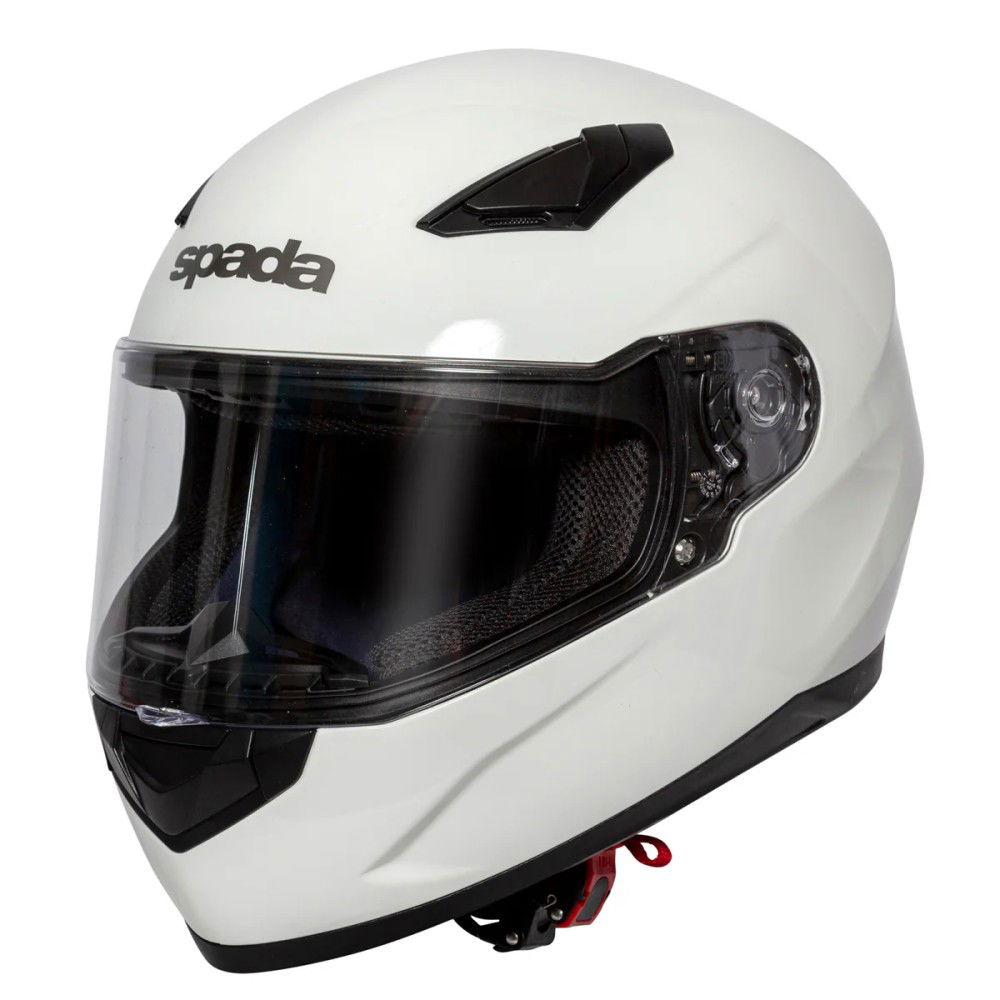 The Spada Raiden full-face motorcycle helmet is made from an impact-resistant thermoplastic shell and is ECE 2205 approved. Four vents in key areas provide optimum airflow, and an integrated rear spoiler enhances aerodynamics and air expulsion. The Raiden comes with a breath guard, chin curtain, and a fully removable, washable lining. A quick-release chin strap fastening gives a secure and adjustable closure. The clear anti-scratch treated visor is quick-release for easy changing and Pinlock prepared. Available in a choice of colours.
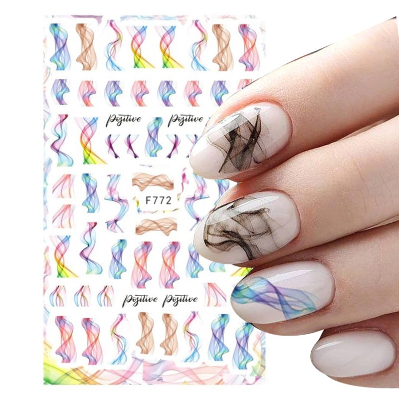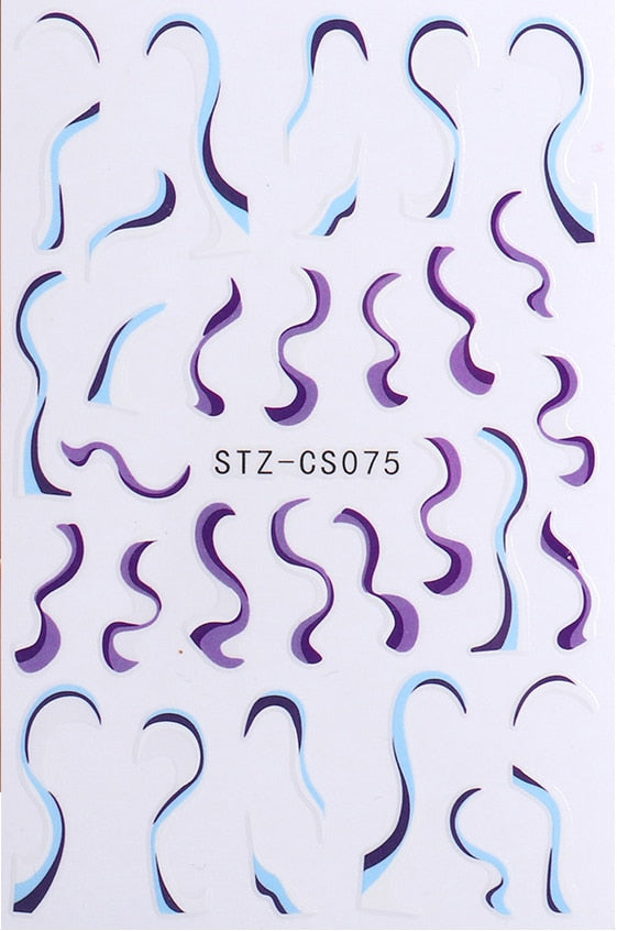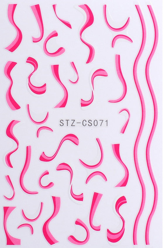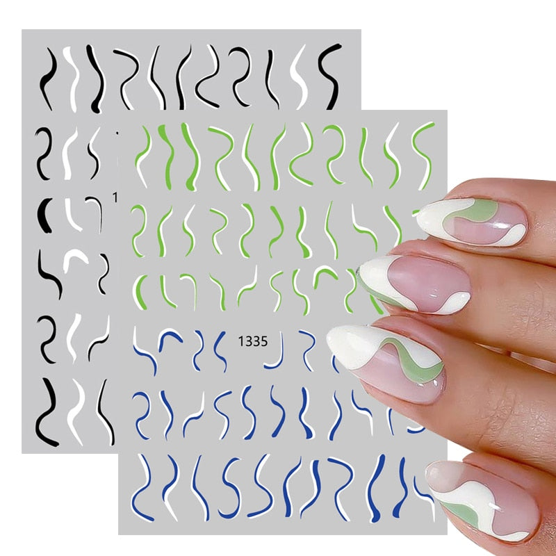 3D Swirl Lines Nail Sticker Geometry Irregular Whirling Wave Cow Print Decal on Nails Art Charms Manicure Slider Tip Accessories-Nail Inspo
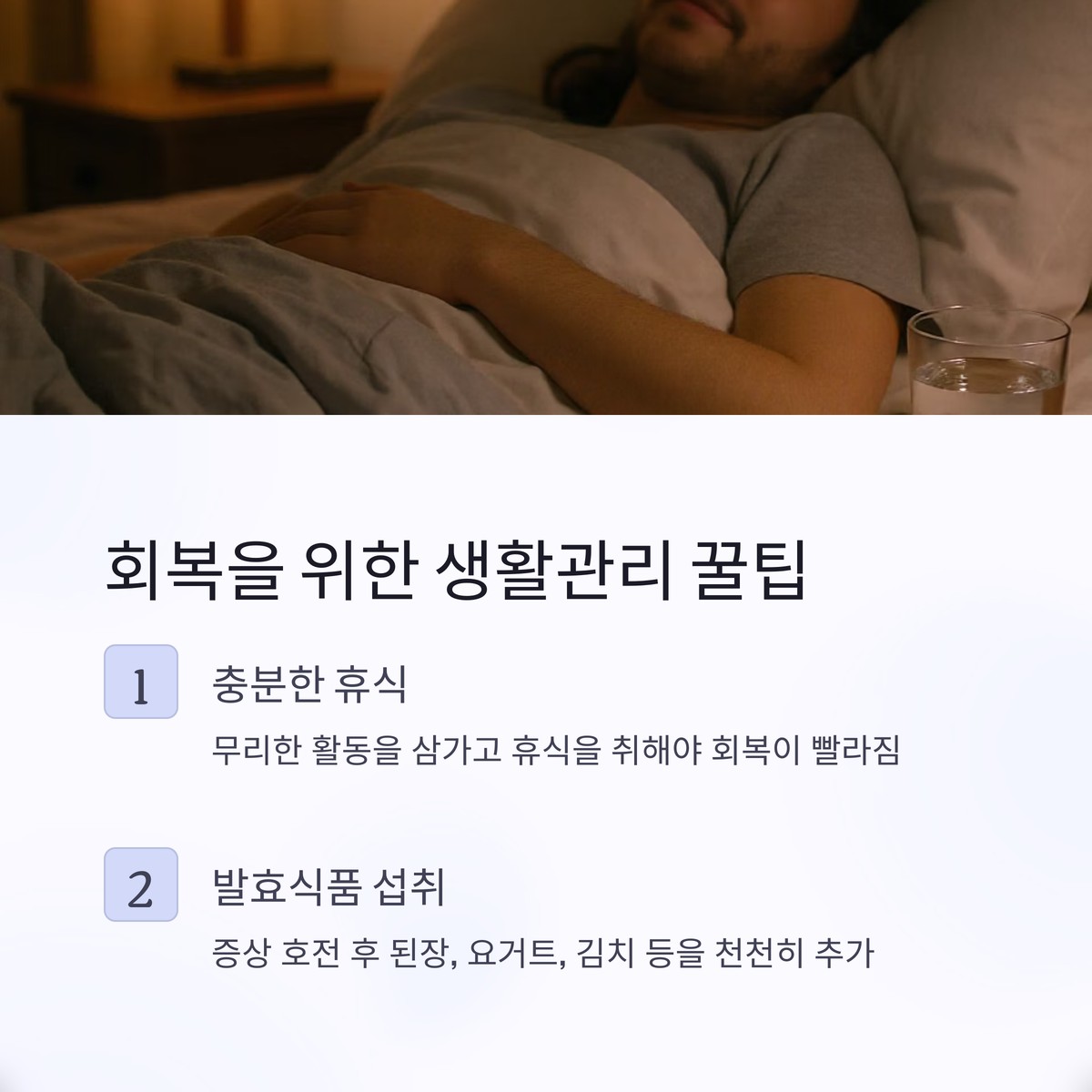 무리한 활동을 삼가고 충분히 휴식을 취해야 회복이 빨라집니다. 증상이 호전된 이후에는 된장, 요거트, 김치 등 발효식품을 천천히 추가하면 장내 유익균 균형을 회복하는 데 도움이 됩니다.

○ ○ ○ ○

All of the data is to be reproduced exactly, with the pictures left out.

* Response below:
 The Spada Raiden full-face motorcycle helmet is made from an impact-resistant thermoplastic shell and is ECE 2205 approved. Four vents in key areas provide optimum airflow, and an integrated rear spoiler enhances aerodynamics and air expulsion. The Raiden comes with a breath guard, chin curtain, and a fully removable, washable lining. A quick-release chin strap fastening gives a secure and adjustable closure. The clear anti-scratch treated visor is quick-release for easy changing and Pinlock prepared. Available in a choice of colours.
 3D Swirl Lines Nail Sticker Geometry Irregular Whirling Wave Cow Print Decal on Nails Art Charms Manicure Slider Tip Accessories-Nail Inspo
 무리한 활동을 삼가고 충분히 휴식을 취해야 회복이 빨라집니다. 증상이 호전된 이후에는 된장, 요거트, 김치 등 발효식품을 천천히 추가하면 장내 유익균 균형을 회복하는 데 도움이 됩니다.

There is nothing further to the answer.